# Task statement:
Reproduce only the lines that begin at the line with "토론회’가 개최되었다. |" and run to the end of the entries; omit every picture.

# Data shown:
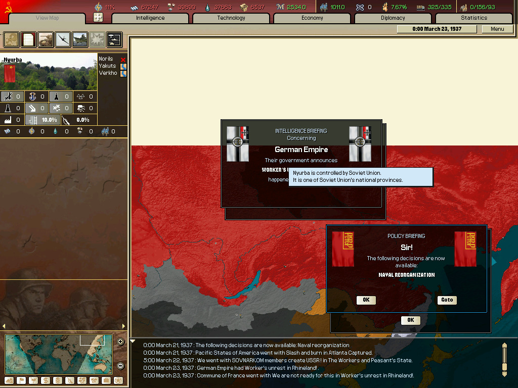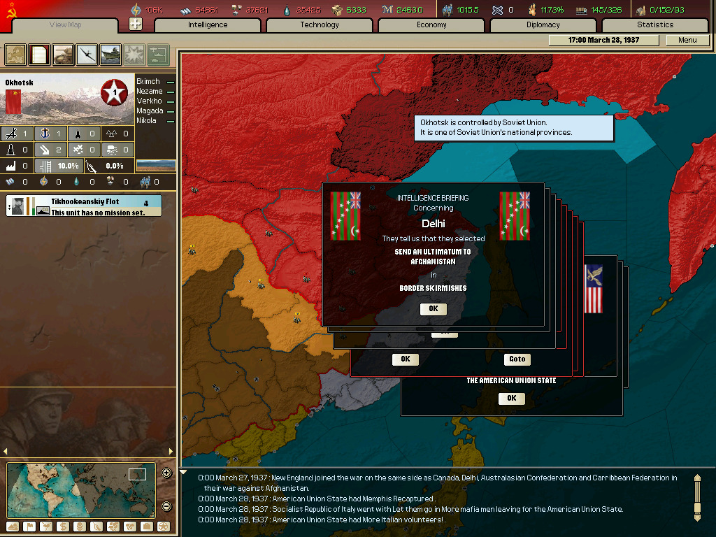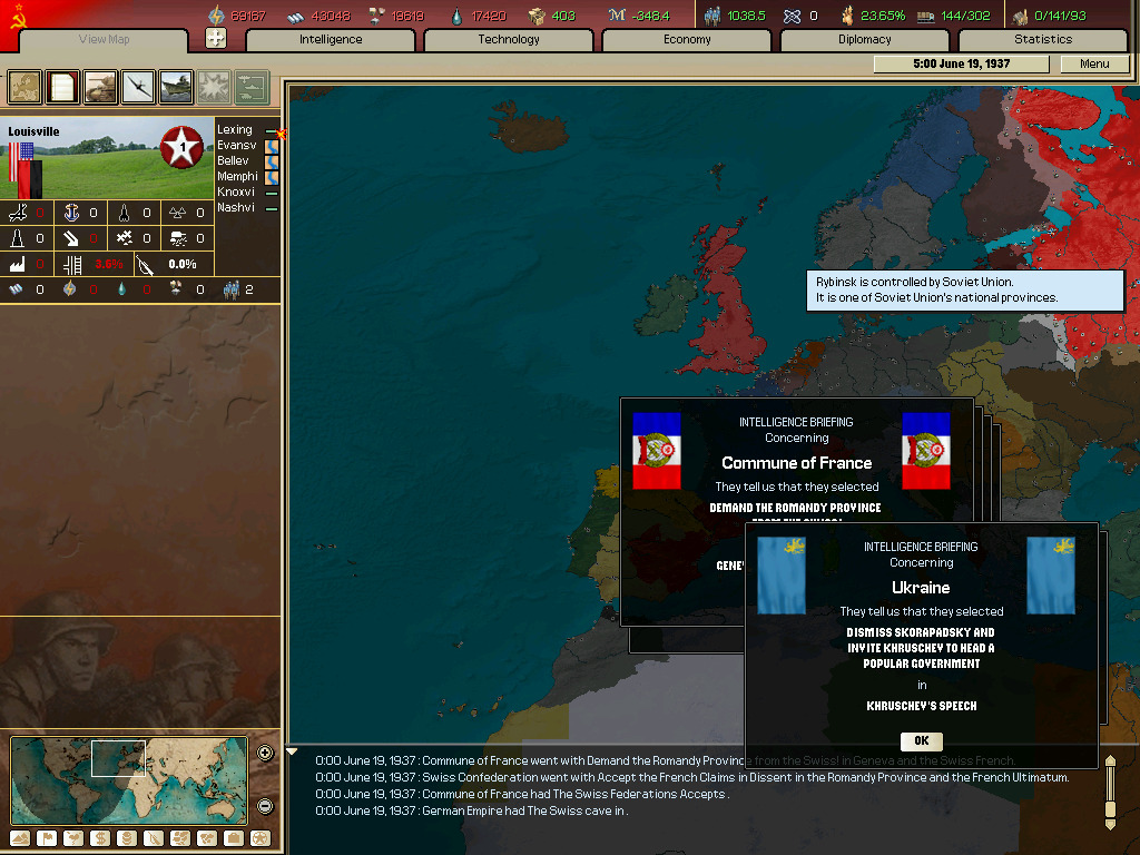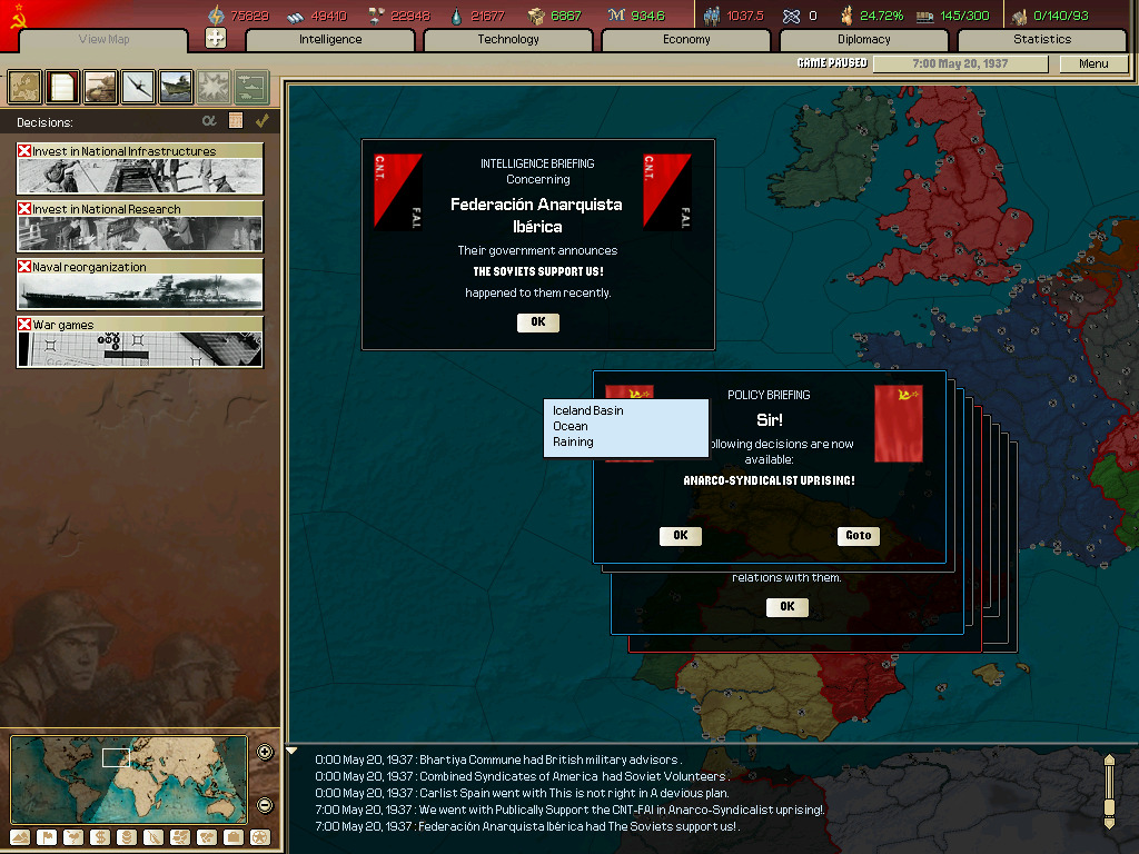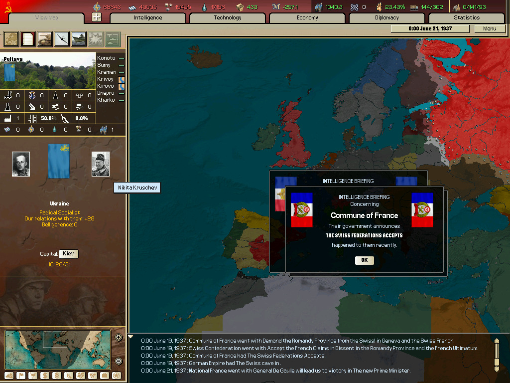 (이벤트 하나(소련으로 되는 이벤트 찍는거 놓침 그리고 군대 뜸.)
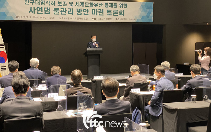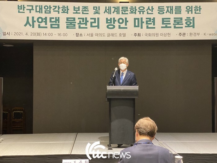 | ▲ 더불어민주당 이상헌 의원(울산 북구, 국회 문화체육관광위원회)이 주최하고 환경부와 K-water가 주관해 20일 서울 여의도 글래드 호텔에서 열린 ‘반구대 암각화 보존 및 세계 문화유산 등재를 위한 사연댐 물관리 방안 마련 토론회’가 개최되었다. |
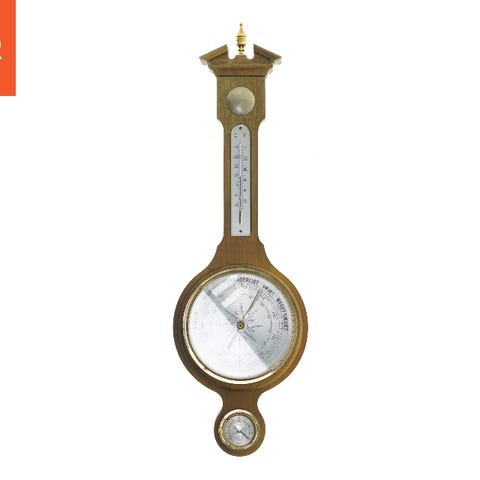 Messing barometer med en størrelse på 6x18 cm. Barometerets hovedfunktion er at måle lufttryk og vise vejrændringer som angivet på skiven med ord som 'REGN' og 'FORANDERLIGT'. Det har et klassisk design med en hvid skive og metalhylster.
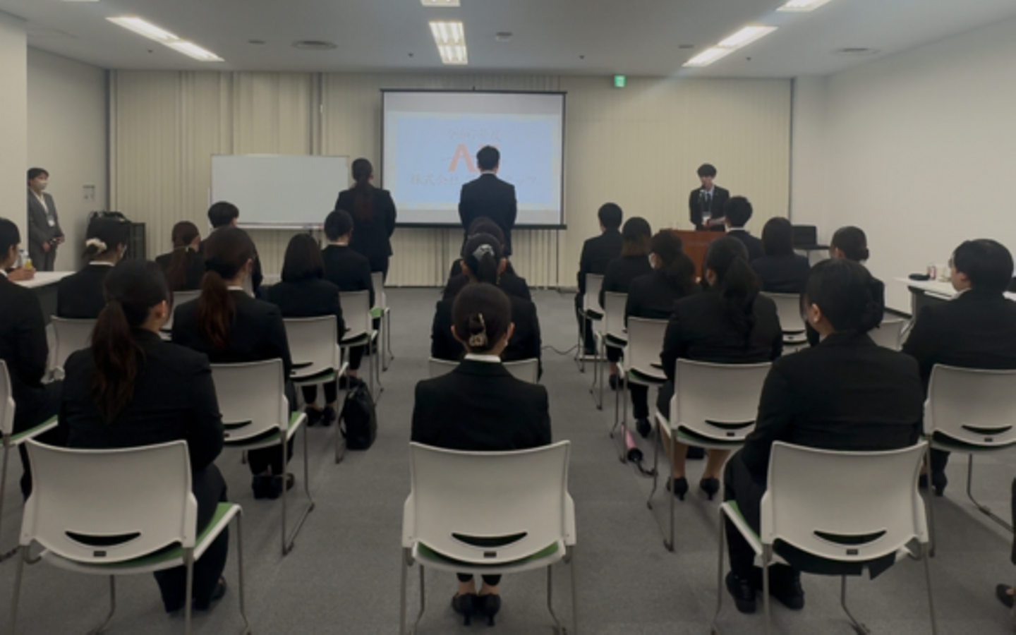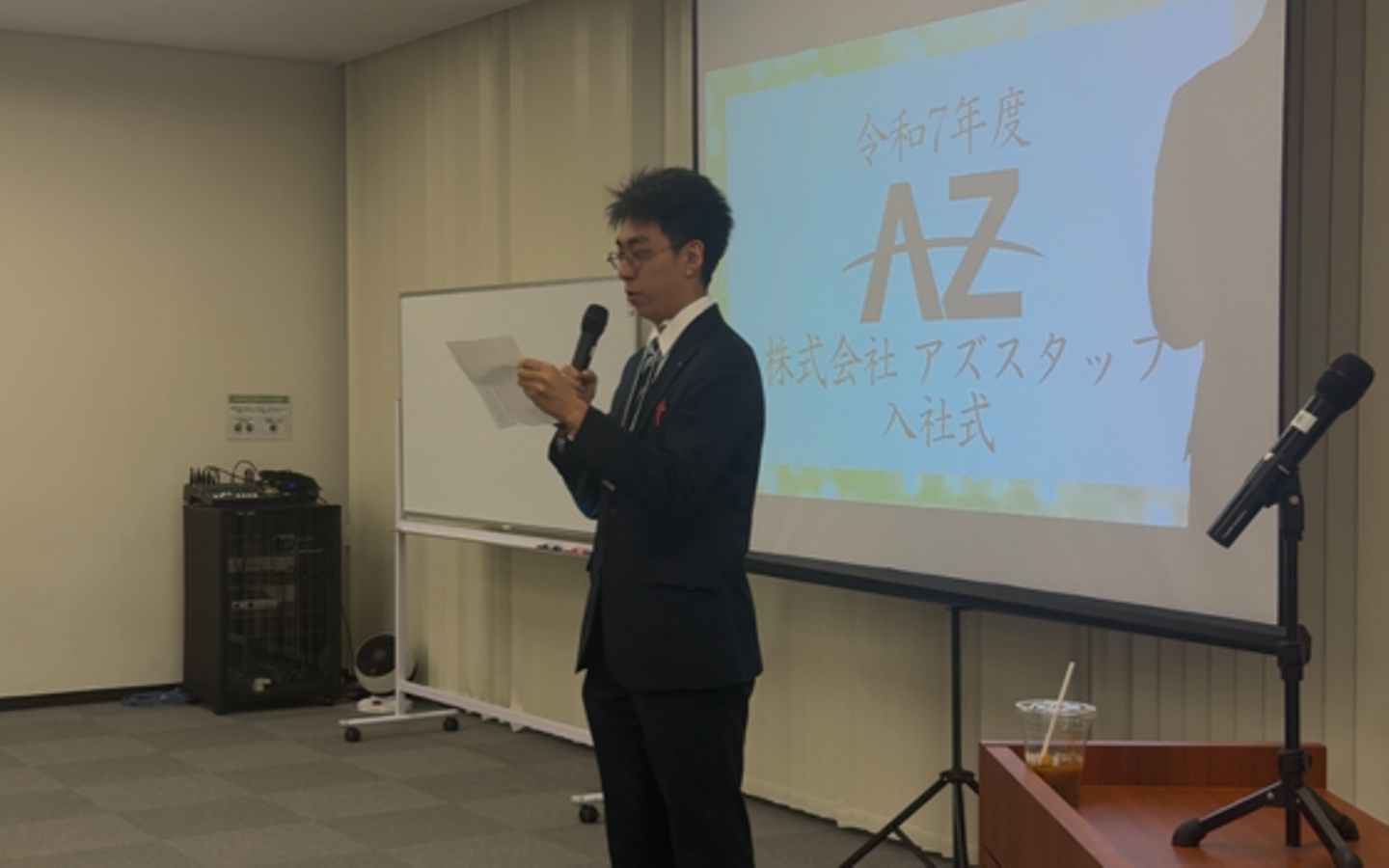 令和7年4月1日、今年は本社ではなく会場をお借りして入社式が行われました\(^o^)/(会社の会議室では入りきらない!感謝!)
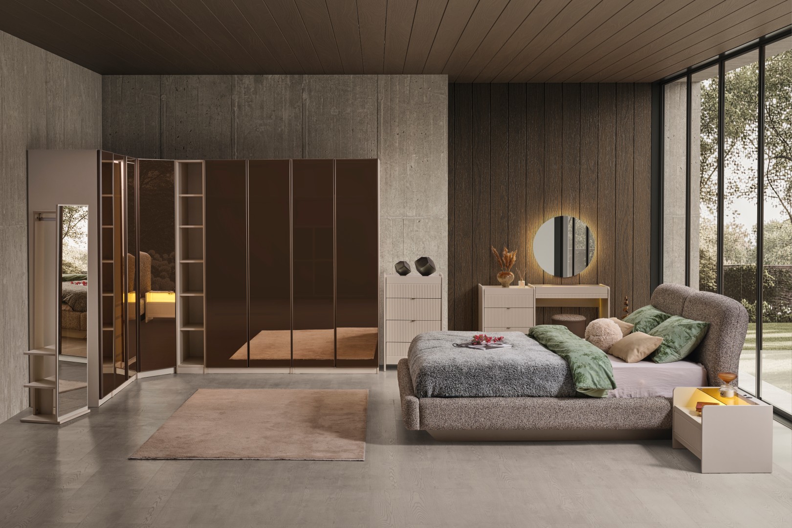 • Estetik Detaylar: Gardırop kapaklarında ve çekmece önlerinde kullanılan dikey hatlı (fluted) paneller, takıma ritmik bir derinlik kazandırır. Nötr vizon tonları, mermer desenli üst yüzeylerle birleşerek zamansız bir görünüme imza atar.

# Response area:
 | ▲ 더불어민주당 이상헌 의원(울산 북구, 국회 문화체육관광위원회)이 주최하고 환경부와 K-water가 주관해 20일 서울 여의도 글래드 호텔에서 열린 ‘반구대 암각화 보존 및 세계 문화유산 등재를 위한 사연댐 물관리 방안 마련 토론회’가 개최되었다. |
 Messing barometer med en størrelse på 6x18 cm. Barometerets hovedfunktion er at måle lufttryk og vise vejrændringer som angivet på skiven med ord som 'REGN' og 'FORANDERLIGT'. Det har et klassisk design med en hvid skive og metalhylster.
 令和7年4月1日、今年は本社ではなく会場をお借りして入社式が行われました\(^o^)/(会社の会議室では入りきらない!感謝!)
 • Estetik Detaylar: Gardırop kapaklarında ve çekmece önlerinde kullanılan dikey hatlı (fluted) paneller, takıma ritmik bir derinlik kazandırır. Nötr vizon tonları, mermer desenli üst yüzeylerle birleşerek zamansız bir görünüme imza atar.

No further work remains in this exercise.